- Theatrical release poster
- Directed by: Neil Burger
- Screenplay by: Neil Burger Olen Steinhauer
- Produced by: Neil Burger; Bill Block; Charles Miller;
- Starring: Phoebe Dynevor; Rhys Ifans;
- Cinematography: Jackson Hunt
- Edited by: Nick Carew
- Music by: Paul Leonard-Morgan
- Production companies: Miramax Nota Bene Productions
- Distributed by: IFC Films
- Release date: January 24, 2025;
- Running time: 101 minutes
- Country: United States
- Language: English
- Box office: $318,090

= Inheritance (2025 film) =

American action film

Inheritance is a 2025 American spy thriller film directed by Neil Burger from a screenplay he co-wrote with Olen Steinhauer starring Phoebe Dynevor and Rhys Ifans. The film was released in theaters on January 24, 2025. It received mixed reviews from critics.

==Premise==
A young woman is drawn into an international conspiracy after discovering her father is a spy.

==Production==
The script was co-written by Neil Burger and Olen Steinhauer, with Burger directing. The film is produced by Bill Block and Charles Miller, alongside Burger. The film was developed from an idea that Burger had during the COVID-19 pandemic and is international in scope, but was filmed entirely on an iPhone. Burger has described using an "experimental style of shooting" in which there "was no wait time for camera set- ups, no makeup checks, or rehearsals. We’d arrive at the location and then immediately shoot as much as we could in the time that we had. It enabled us to travel with a small crew".

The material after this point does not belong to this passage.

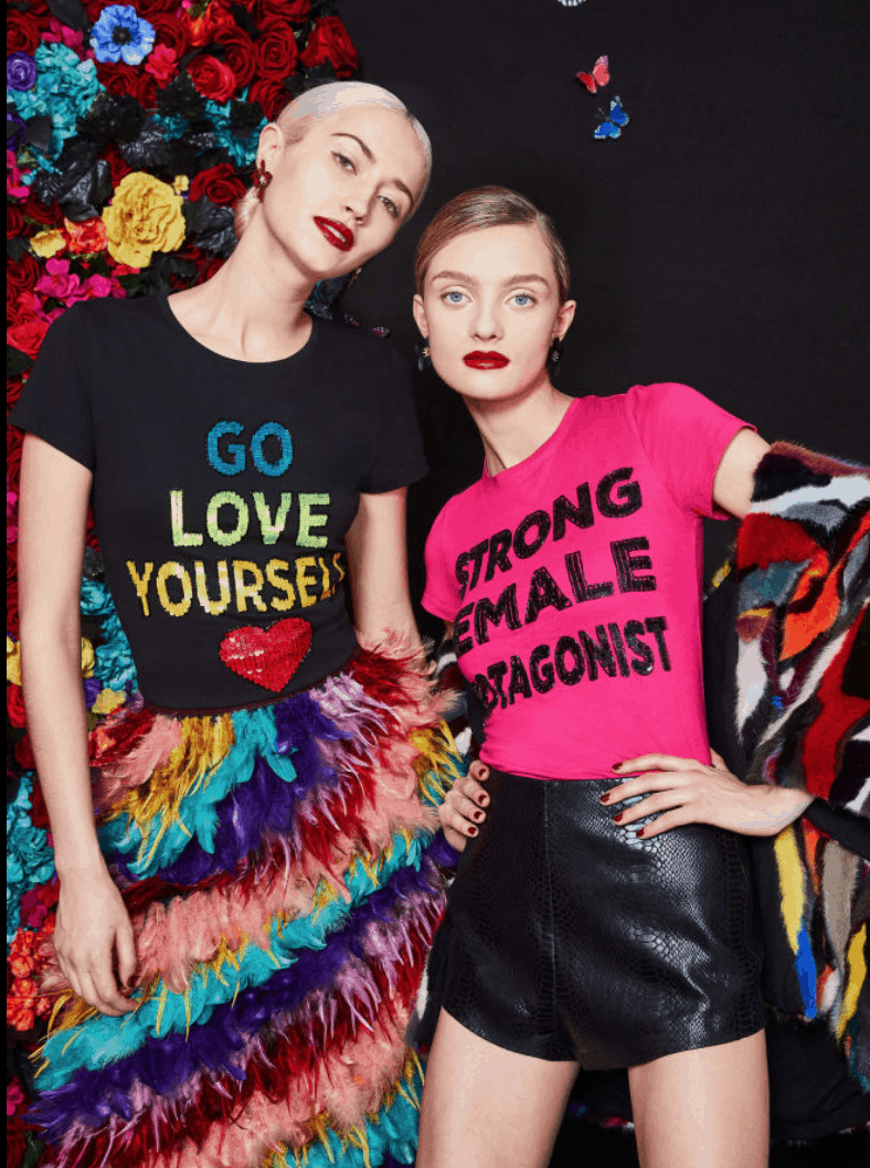 The collection was divided into eight sections: Butterfly Kingdom, Butterfly Fantasia, Virtuous Vines, Golden Leaf, Grateful, Kaleidoscope, Rose Room, and Snow Palace– each with their own displays and stories. The blends of butterfly patterns with leopard and zebra prints brought a whimsical take on Bendet’s classic playfulness, and cheekily rainbow-colored tops embroidered with “Go Love Yourself” and “Strong Female Protagonist,” along with a fringe sweatshirt emblazoned with “Grateful,” added a technicolored fun to the show.

The cast includes Phoebe Dynevor, Rhys Ifans, Ciara Baxendale and Kersti Bryan and also includes Daniel Joey Albright, Mitchell Hochman, Majd Eid, Byron Clohessy, Salim Siddiqui and José Alvarez.

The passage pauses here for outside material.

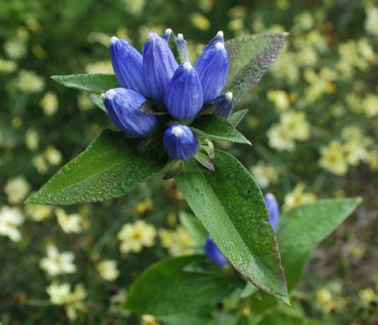 blue “bud” is actually the mature blossom of the bottle gentian (Gentiana

Principal photography took place in New York City, Delhi, Seoul and Cairo in mid-2022.

==Release==
The film was released in the United States on January 24, 2025. It made $124,817 in its opening weekend.

== Reception ==
 Metacritic, which uses a weighted average, assigned the film a score of 55 out of 100, based on 12 critics, indicating "mixed or average" reviews.